Dopamine alters functional gradients in Parkinson's disease.

Neuromodulators regulate large-scale brain network topology to support adaptive behaviour. Disease models offer a unique window into how neuromodulatory systems impact large-scale brain network organisation. Here, we take advantage of Parkinson's disease-with its profound dopaminergic loss and pro-dopaminergic treatment strategies-to inform how dopamine may influence large-scale brain organisation. In 27 people with Parkinson's disease, resting-state scans were obtained on their regular dopamine medication and following overnight withdrawal of medication. Nineteen matched controls provided normative data. Gradients of brain organisation were examined using dimensionality reduction techniques. For single gradients, when individuals were on their dopamine medication, we observed a shift in higher-order networks towards somatomotor anchors. When interrogated in the multi-dimensional gradient space, we found that dopamine medication enhanced separation between functionally discrete sensory and higher-order networks.
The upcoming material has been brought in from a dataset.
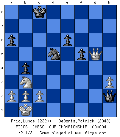 Last move : 1/2-1/2 2021 December 28 12:7:12 [Event "FICGS__CHESS__CUP_CHAMPIONSHIP__000004"] [Site "FICGS"] [Date "2021.09.20"] [Round "1"] [White "Fric,Lubos"] [Black "DeBonis,Patrick"] [Result "1/2-1/2"] [WhiteElo "2320"] [BlackElo "2043"] 1.e4 c5 2.Nf3 Nc6 3.d4 cxd4 4.Nxd4 e6 5.Nc3 Qc7 6.Be3 a6 7.Qf3 Ne5 8.Qg3 b5 9.O-O-O Nf6 10.f4 Neg4 11.Bg1 h5 12.e5 b4 13.Na4 Nd5 14.h3 Nh6 15.f5 Bb7 16.Bd3 Be7 17.Kb1 h4 18.Qe1 Nf4 19.Be4 Nxg2 20.Qe2 Nf4 21.Qf3 Bxe4 22.Qxe4 Nd5 23.Qg2 Bf8 24.Be3 Rc8 25.Bg5 g6 26.fxg6 Rg8 27.Bxh6 Rxg6 28.Bg5 Be7 29.Nf3 Qc6 30.Rdg1 Qxa4 31.Qf2 Qb5 32.Nd4 Qc5 33.Bxh4 Bxh4 34.Qxh4 Rxg1+ 35.Rxg1 d6 36.exd6 Qxd6 37.Nb3 Qh2 38.Rg8+ Kd7 39.Rxc8 Kxc8 40.Qg5 f5 1/2-1/2 Sicilian defense Queenside Castling by player White (move 9) This chess game ended in a draw. Follow this game move after move (download)I'm not afraid of Spassky. The world knows I'm the best. You don't need a match to prove it. (Bobby Fischer) Am wohlsten fühle ich mich, wenn ich sehe, wie sich mein Gegner im Todeskampf windet. (Robert James Fischer) Bobby Fischer es el mas grande genio de Ajedrez de todos los tiempos. (Alexander Kotov) Avant la finale, les dieux ont créé le milieu de partie. (Tarrasch) Luck is what you have left over after you give 100 percent. (Langston Coleman)

This increase in dispersion was dependent on an individual's dopamine dose level, and increased dispersion was more apparent in regions enriched with dopamine receptor (DRD2) gene expression. Together, these findings substantiate a role for dopamine in modulating large-scale functional brain organisation. Our findings further confirm that medication targeting the dopamine system may achieve its benefit by restoring aspects of network topology, and suggest new hypotheses about how dopamine medication is influencing large-scale functional brain organisation in Parkinson's disease.